In 2019, the "Beyond the Streets" exhibit in Brooklyn featured a reconstructed phone booth installation showcasing the PRAY tag, affirming its influence in street art history.

== Speculation and identity ==
The individual or group behind the PRAY graffiti remains unidentified. While some observers have speculated that the tag could be the work of a religious collective or even a performance art group, most graffiti writers and cultural historians believe it to be the sustained work of a single individual. A 1983 Wall Street Journal article quoted James Horris, the executive in charge of payphone operations for New York Telephone, who said that someone had been scratching WORSHIP GOD on countless outdoor payphones in the city, and more recently PRAY had been added to many of the enclosures. Horris stated that he was "curious" about the admonitions he believed to be the work of one vandal, adding, "There are a lot of other messages I’d feel more uncomfortable with."

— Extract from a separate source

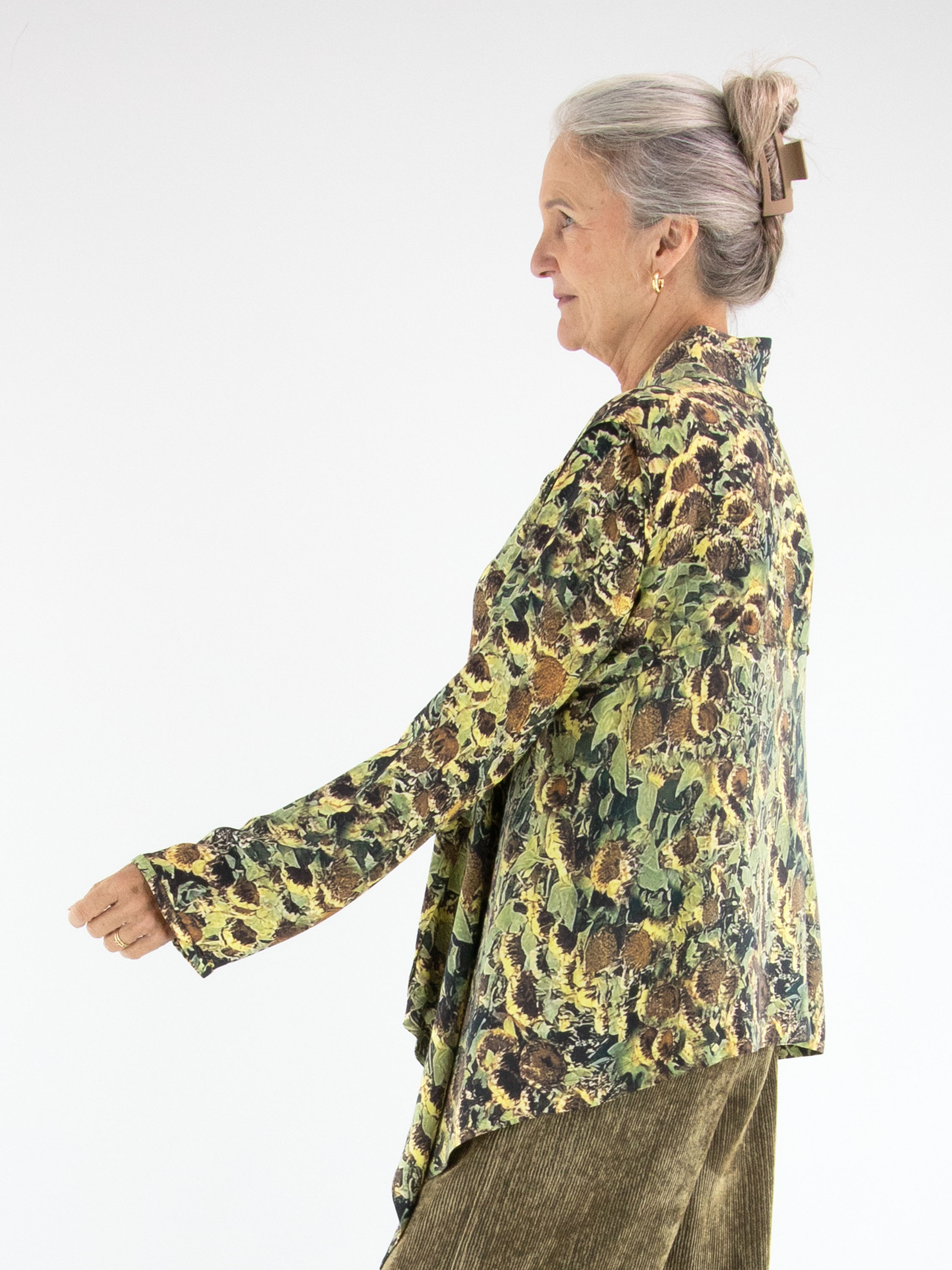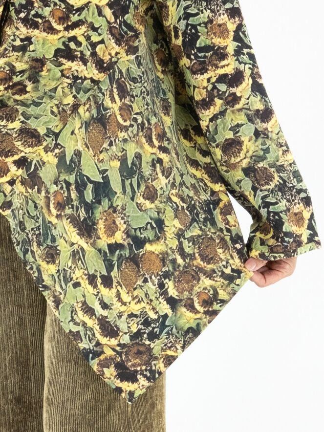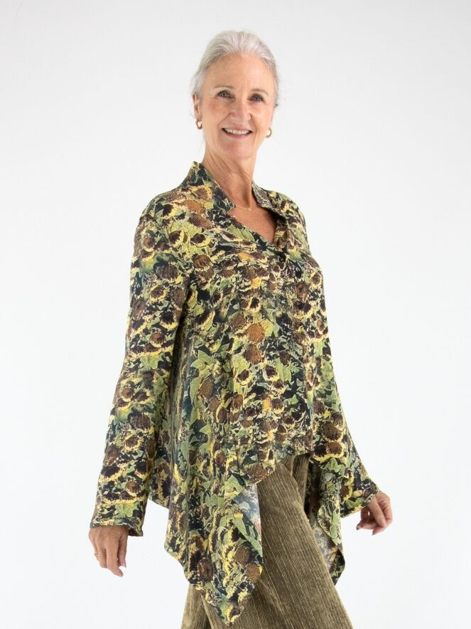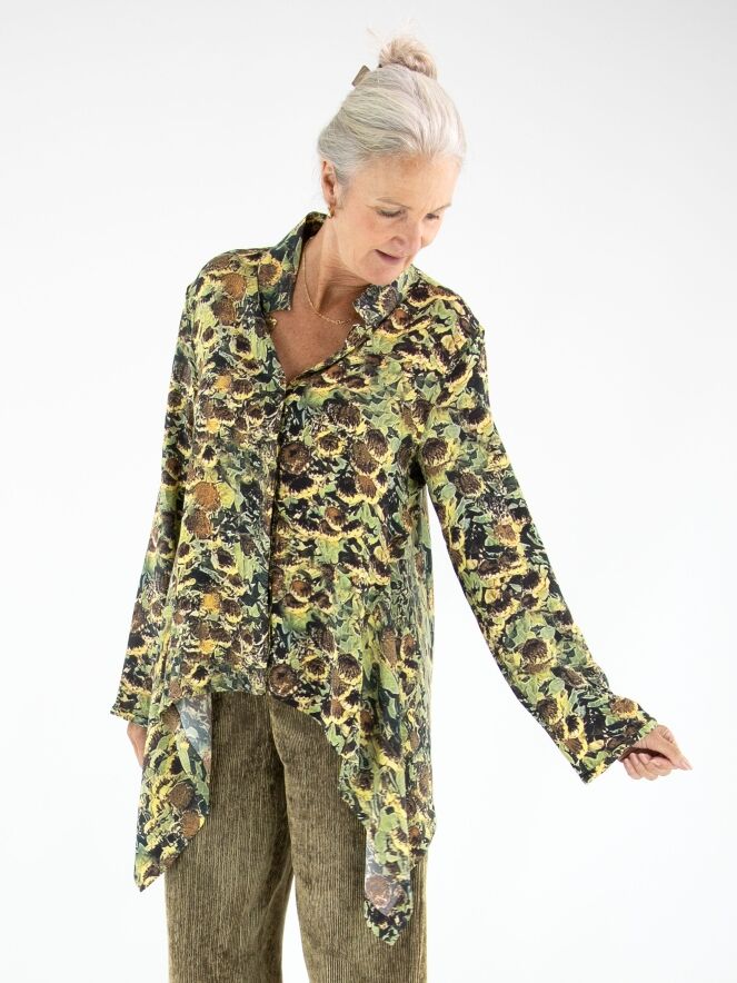 Blouse by Annette Görtz featuring an artistic print of faded sunflowers in shades of yellow, olive green, brown, and black. Designed with a concealed button placket, this elegant piece has extra fabric at the sides, creating a refined draped effect with subtle pointed details. This exclusive designer blouse can be hand-washed.

Descriptions from graffiti writers and eyewitnesses consistently identify PRAY as a small, elderly woman often dressed in black. She is sometimes described as possibly homeless. In "Getting Up," graffiti writer Bama recounted having met PRAY, while writer Wicked Gary interjected with descriptive commentary. Though Gary did not claim to have seen her in this passage, his remarks corroborate aspects of Bama’s account. A 1992 New York Times article quotes TRACY 168 describing PRAY as a woman who concealed her actions behind a magazine while etching. A 1986 photograph taken by Laura Hanifin—at the behest of her friend, graffiti writer Zephyr, who was also present—is considered by many to depict the individual responsible, although this remains unconfirmed.